You should pass all below 20KHz, as flat as possible. You definitely should stop 24.1KHz and up. How bad 22.05KHz to 24.1KHz is, is debatable.

> then surely you're high-end enough that you can't say “nah, who cares about the most common sample rate out there”.

I didn't say "don't support 44.1KHz" -- I'm saying there's good reasons to prefer 48KHz.

All being equal (same number of filter taps, etc)-- just a slightly higher sample rate offers a lot more performance because you can get a bit more frequency response and a lot flatter passband.

The Moog Minimoog filter goes beyond 20Khz. So even if you gently roll off at 20Khz, you’re going to miss overtones etc.
You can't hear ultrasound. For audio, the only question about 20+ kHz frequencies is how to get rid of them in the cheapest+best way.
But they still interact with frequencies lower than 20khz right?

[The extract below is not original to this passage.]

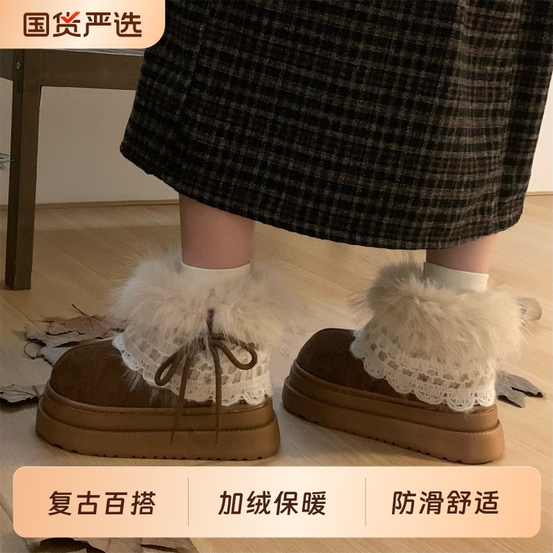 雪地靴细细条 费尔岛毛毛女冬季百搭增高厚底加绒保暖短靴子棉鞋

Think about it like this - I have a single steady saw wave at 10khz. If I started playing waves above 20khz, would I be able to detect any disturbance in that 10khz wave?

> But they still interact with frequencies lower than 20khz right?

No. Different frequencies don't generally “interact”, that's much of the point of frequency analysis.

> Think about it like this - I have a single steady saw wave at 10khz. If I started playing waves above 20khz, would I be able to detect any disturbance in that 10khz wave?

No.

If you have a green laser and put its beam under an ultraviolet light source, does the green laser change? It does not. It's the same thing.

Of course, if your amplifier is badly nonlinear-and-non-time-invariant in a very weird way, it _might_. But usually, even nonlinearities go the other way (creates overtones upwards in frequency, not undertones).

Oh.

Hmm… then what causes the obvious beating you hear when you have two saw waves close in frequency but not exact.

I guess when the anti-nodes match its silence and so it’s obvious to your ear, but nothing magical is happening to the signals themselves. Interesting, thanks for answering!

In that case filtering out everything over 20khz makes total sense!